Excerpted data ->
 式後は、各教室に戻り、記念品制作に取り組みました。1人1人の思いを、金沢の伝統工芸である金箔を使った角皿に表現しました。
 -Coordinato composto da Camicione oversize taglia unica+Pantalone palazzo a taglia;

...

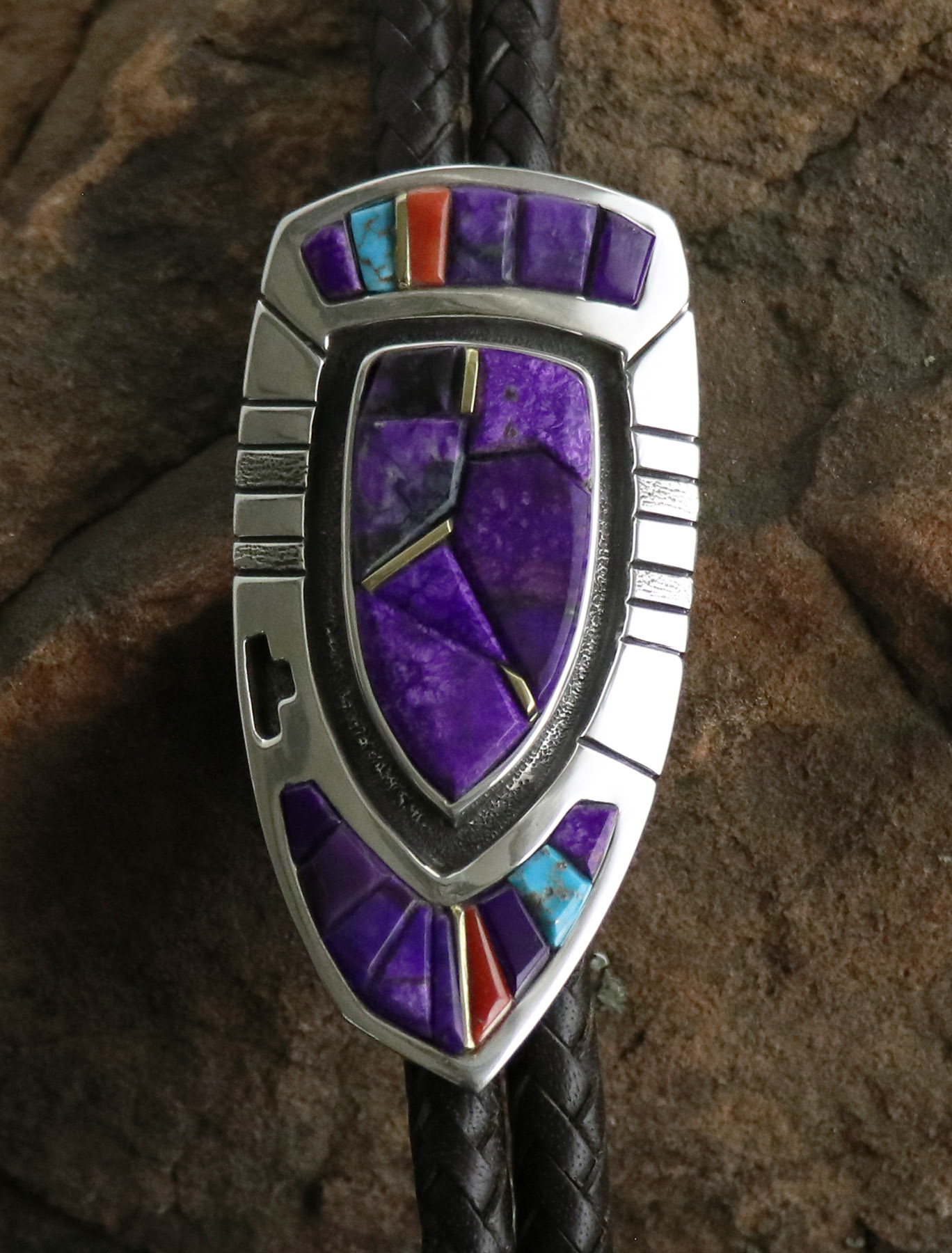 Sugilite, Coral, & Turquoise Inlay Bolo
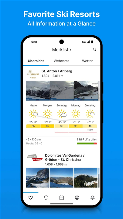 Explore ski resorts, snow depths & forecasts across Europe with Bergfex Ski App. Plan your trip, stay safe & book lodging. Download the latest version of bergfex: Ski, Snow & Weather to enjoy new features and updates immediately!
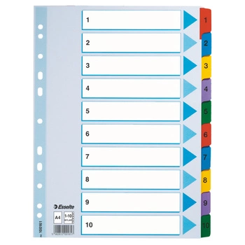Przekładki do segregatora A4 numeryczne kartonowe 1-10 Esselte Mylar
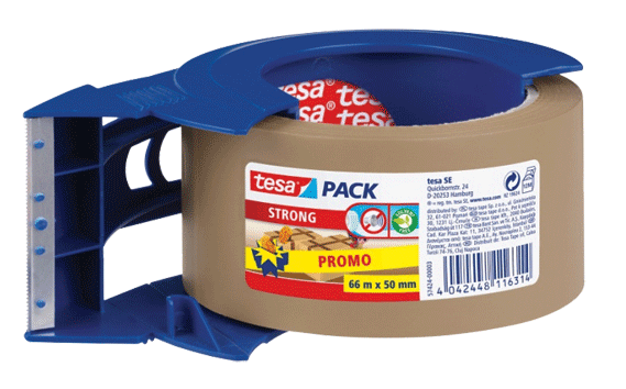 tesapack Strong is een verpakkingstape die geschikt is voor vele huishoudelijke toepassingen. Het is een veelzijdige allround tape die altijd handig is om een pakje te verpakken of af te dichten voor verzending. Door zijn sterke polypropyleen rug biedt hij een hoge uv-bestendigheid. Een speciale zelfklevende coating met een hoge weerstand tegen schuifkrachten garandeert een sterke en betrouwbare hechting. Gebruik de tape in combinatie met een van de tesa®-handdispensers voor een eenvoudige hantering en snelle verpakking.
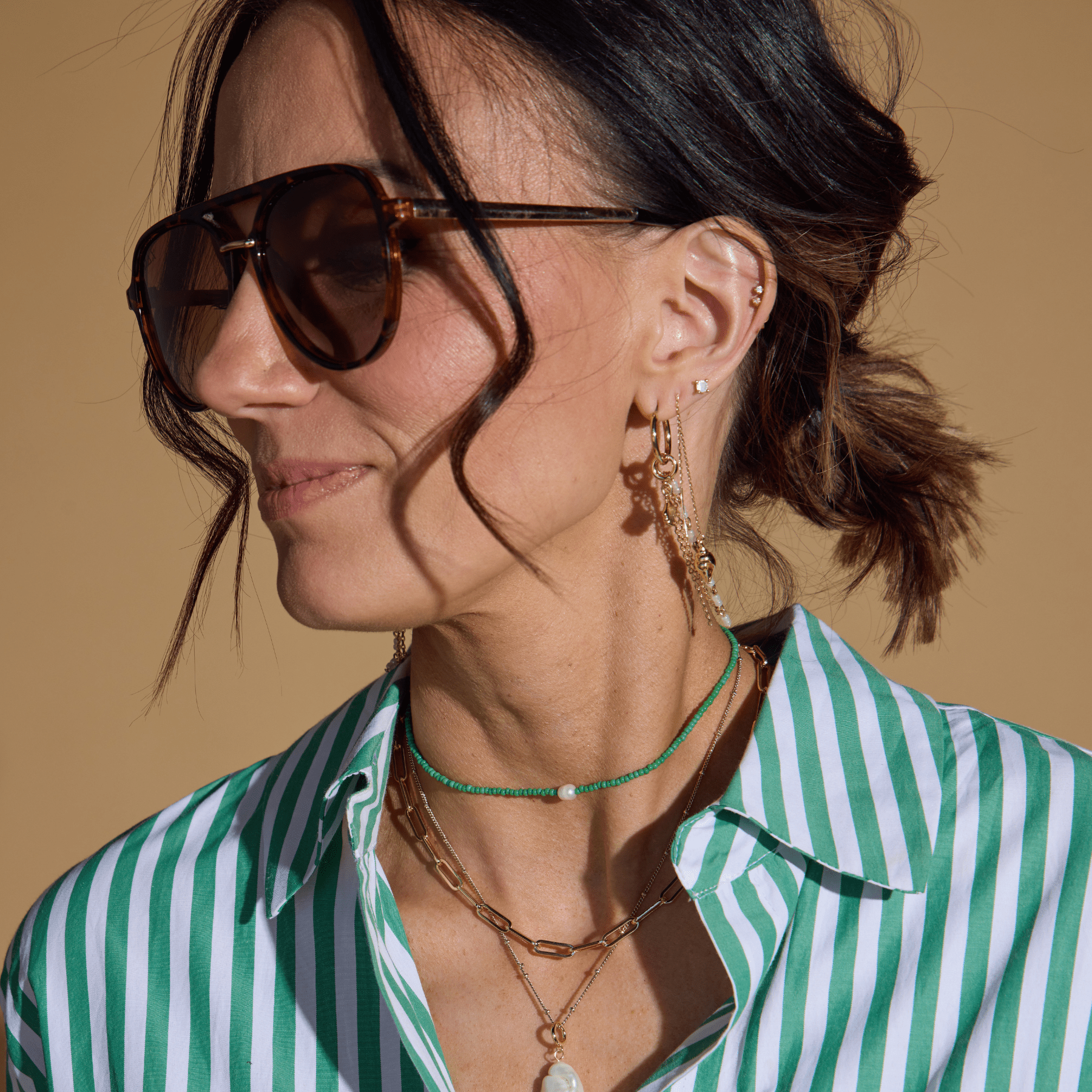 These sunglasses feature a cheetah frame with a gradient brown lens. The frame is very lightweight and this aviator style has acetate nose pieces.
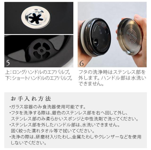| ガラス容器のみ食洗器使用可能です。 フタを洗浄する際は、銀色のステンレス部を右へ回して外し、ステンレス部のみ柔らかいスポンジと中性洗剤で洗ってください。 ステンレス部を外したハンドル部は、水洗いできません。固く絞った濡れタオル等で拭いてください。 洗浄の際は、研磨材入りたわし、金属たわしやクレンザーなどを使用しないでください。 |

Problem to solve ->
Among the entries above, the line containing "式後は、各教室に戻り、記念品", the line containing "-Coordinato composto da", and all lines between them are to be restated word for word; nothing else belongs in the reply.

Answer to this exercise ->
 式後は、各教室に戻り、記念品制作に取り組みました。1人1人の思いを、金沢の伝統工芸である金箔を使った角皿に表現しました。
 -Coordinato composto da Camicione oversize taglia unica+Pantalone palazzo a taglia;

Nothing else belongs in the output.